Türker Alkan (Radikal, 17 kasım)
*
ÖNERİ
Ayrıca Türker beyin basın meslek kuruluşlarına da bir önerisi var. Hani medya mensupları başbakanın açık açık söylediklerini kıçlarından dinliyorlar ya:
“Bu tür olayların yinelenmemesi için gazete muhabirlerini hizmet içi eğitimden geçirmek gerekiyor. 'Başbakanlar neyi söyler gibi yaptıklarında gerçekten neyi söylemek ve söylememek isterler,' konulu bir ders çok yararlı olacaktır, eminim.” (Radikal, 18 kasım)
*
ILICAK
Bu arada, Nazlı Ilıcak da, AİHM ve başbakanın türban-ulema açıklaması hakkında EN TARAFSIZ KİŞİYİ BULUP görüşlerini almış:
AİHM’de Türkiye’yi dava eden türbanlı Leyla Şahin’in avukatı Kâzım Berzeg...
Bugün, 18 kasım
*
Yüzbinlerce insan için bir müjde elbet, ama ne kadar üzücü bir haberdi:
EK DERS ÜCRETLERİ İKİ KAT ARTIYOR diyor.
Bundan böyle, öğretmenlerin alacağı ek ders ücreti, saatte... 10 liraya çıkacakmış. Böylece 700 lira maaş alan bir öğretmen, tam gün ders verirse 600 lira da ek ders ücreti alabilecekmiş.

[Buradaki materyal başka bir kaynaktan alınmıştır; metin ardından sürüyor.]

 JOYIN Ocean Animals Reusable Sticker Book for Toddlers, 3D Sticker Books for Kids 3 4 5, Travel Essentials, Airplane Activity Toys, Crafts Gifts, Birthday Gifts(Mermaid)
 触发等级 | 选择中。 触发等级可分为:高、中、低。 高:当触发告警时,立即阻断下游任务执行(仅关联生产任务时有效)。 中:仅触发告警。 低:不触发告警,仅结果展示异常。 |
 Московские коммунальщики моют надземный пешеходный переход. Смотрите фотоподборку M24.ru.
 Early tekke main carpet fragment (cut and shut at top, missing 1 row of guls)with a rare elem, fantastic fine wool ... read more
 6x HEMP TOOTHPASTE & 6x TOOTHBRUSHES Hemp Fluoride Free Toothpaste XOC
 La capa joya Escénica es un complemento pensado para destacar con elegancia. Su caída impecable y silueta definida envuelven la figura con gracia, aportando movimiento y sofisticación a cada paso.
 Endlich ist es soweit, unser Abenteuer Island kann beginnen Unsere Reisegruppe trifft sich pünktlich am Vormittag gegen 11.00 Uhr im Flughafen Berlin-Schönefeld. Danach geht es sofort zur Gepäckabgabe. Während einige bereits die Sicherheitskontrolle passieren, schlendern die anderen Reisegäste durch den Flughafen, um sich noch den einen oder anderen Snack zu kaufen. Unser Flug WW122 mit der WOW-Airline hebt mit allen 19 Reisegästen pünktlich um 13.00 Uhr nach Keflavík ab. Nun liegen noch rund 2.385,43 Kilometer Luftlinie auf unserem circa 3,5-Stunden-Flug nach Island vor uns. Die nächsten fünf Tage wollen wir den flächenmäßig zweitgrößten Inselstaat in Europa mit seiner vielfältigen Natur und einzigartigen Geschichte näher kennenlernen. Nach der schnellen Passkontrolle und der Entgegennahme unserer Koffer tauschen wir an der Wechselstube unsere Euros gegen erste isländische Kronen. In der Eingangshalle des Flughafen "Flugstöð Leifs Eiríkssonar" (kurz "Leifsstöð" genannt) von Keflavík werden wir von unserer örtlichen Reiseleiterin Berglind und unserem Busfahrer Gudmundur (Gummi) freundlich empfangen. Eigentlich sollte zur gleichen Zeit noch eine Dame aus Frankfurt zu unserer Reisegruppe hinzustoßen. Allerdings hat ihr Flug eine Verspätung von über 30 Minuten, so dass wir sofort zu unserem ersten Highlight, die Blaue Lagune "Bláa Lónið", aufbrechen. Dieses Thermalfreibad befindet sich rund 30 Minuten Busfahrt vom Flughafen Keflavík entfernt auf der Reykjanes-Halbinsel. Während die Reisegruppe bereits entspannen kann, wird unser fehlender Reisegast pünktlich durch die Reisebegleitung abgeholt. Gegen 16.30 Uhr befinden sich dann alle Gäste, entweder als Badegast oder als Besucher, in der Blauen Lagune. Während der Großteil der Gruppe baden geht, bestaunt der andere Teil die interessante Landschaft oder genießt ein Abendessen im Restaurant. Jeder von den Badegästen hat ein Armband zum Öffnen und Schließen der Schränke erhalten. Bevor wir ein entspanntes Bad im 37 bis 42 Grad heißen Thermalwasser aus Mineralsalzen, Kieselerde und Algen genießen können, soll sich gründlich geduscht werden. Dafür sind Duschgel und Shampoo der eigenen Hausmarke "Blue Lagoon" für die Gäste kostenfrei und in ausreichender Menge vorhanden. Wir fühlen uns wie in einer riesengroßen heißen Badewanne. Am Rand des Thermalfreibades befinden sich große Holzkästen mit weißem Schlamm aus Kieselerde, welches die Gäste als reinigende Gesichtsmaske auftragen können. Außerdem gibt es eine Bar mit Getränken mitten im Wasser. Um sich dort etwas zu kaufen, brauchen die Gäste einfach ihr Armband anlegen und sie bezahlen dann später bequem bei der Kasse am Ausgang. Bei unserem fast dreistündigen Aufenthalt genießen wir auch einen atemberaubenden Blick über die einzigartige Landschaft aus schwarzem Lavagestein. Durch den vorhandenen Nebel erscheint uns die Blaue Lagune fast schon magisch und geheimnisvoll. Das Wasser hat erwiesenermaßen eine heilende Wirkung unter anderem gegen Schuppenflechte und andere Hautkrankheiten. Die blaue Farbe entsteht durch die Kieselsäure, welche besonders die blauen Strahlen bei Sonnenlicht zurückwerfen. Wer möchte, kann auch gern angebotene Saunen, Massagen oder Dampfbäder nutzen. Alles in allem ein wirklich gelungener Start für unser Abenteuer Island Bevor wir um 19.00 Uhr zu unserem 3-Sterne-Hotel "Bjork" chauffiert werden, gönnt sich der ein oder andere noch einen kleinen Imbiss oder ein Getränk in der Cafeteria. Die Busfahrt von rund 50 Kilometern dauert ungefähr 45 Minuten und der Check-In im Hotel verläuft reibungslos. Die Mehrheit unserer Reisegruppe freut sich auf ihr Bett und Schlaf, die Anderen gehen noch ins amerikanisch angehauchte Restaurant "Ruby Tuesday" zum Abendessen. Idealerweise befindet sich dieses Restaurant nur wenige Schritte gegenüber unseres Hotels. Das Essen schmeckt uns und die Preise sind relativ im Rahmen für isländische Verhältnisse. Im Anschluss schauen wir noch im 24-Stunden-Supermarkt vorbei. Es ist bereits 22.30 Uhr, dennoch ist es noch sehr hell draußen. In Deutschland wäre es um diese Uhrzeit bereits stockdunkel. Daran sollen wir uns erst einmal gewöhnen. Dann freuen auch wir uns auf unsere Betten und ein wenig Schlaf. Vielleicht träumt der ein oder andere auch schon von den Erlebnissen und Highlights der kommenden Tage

Öğretlenlere saatte 10 lira, ayda - tam gün çalışsa - 600 lira maaş. Hem de % 100 zamdan sonra!
Haydi kızlar okula, diye yırtınıyoruz. Kızlara zarar veriyoruz. Okuyup da öğretmen olacaklarına evlere temizliğe gitseler, daha çok para kazanırlar!
Milliyet, 18 kasım
*
YANLIŞ TANITMAYIN O ZAMAN!
Devlet Bakanı Mehmet Aydın Avrupa’da Türkiye’nin yanlış tanınmasından yakınmış, eşi için (modern bir hanım Nihal Aydın) ‘Kaçıncı karınız’ diye soruyorlarmış.
Doğrudur, Batılılar bizi Arap zannederler, çok eşli zannederler, bütün kadınlarımızı çarşaflı zannederler.
Bu yanlış görüntüyü düzeltmek için de, başbakanımızın eşi, dışişleri bakanımızın eşi... sıkmabaş türbanlı ve yerlere kadar kapalı geziyor!
Milliyet, 18 kasım
*
SAĞDUYUYA GEL!
Yüksekovalı sağduyu çağrısına kulak verdi, diye sevinmiş Sabah. “Terör örgütü PKK’nın gövde gösterisine dönüştürmeyi amaçladığı Yüksekova’daki cenaze töreni olaysız geçti.”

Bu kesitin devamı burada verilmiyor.